Access earnings results, analyst expectations, report, slides, earnings call, and transcript.

Overview

The earnings call presents a mixed picture: strong core revenue and gross margin improvements are positive, but significant challenges include revenue decline from a major customer, NIH funding cuts, and high operating losses. The Q&A reveals uncertainties in revenue guidance and manufacturing transition impacts. The share repurchase is a slight positive, but overall, the sentiment is neutral due to balanced positive and negative factors. The lack of clear guidance and uncertainties in key areas temper potential optimism.

Key Financial Performance

Core Revenue $30.8 million, above the midpoint of guidance range. Diagnostics grew 3% year-over-year, while Sample Management revenue decreased 22% year-over-year due to a large customer in the Consumer Genetics segment. Excluding this customer, Sample Management revenue growth would have been positive, and overall core revenue growth would have been 5% year-over-year.

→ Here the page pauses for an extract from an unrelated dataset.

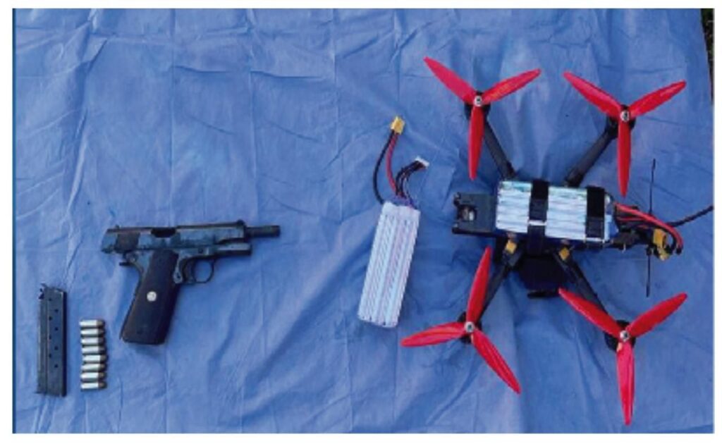 2.- Un dron negro sin identificación, con adaptaciones artesanales para la carga de peso y baterías adicionales.

Total Revenue $31.2 million. Core revenue was $30.8 million, with COVID-19 and risk assessment testing products contributing $474,000. Total revenue was influenced by the decline in revenue from the large consumer genetics customer.

Diagnostics Revenue $19.2 million, grew 3% year-over-year. Growth was achieved despite challenges in international markets due to USAID funding freezes and slower deployment of HIV tests.

Sample Management Solutions Revenue $9.9 million. Excluding the headwind from the consumer genetics customer, revenue from the rest of the customer base grew year-over-year.

Gross Margin GAAP gross margin was 42.1%, and non-GAAP gross margin was 43.2%, better than expectations.

Operating Loss GAAP operating loss was $18 million, and non-GAAP operating loss was $13.2 million.

Cash and Cash Equivalents $235 million at the end of Q2, with 0 debt. Operating cash flow was negative $10 million, consistent with expectations due to investments in innovation and clinical trials.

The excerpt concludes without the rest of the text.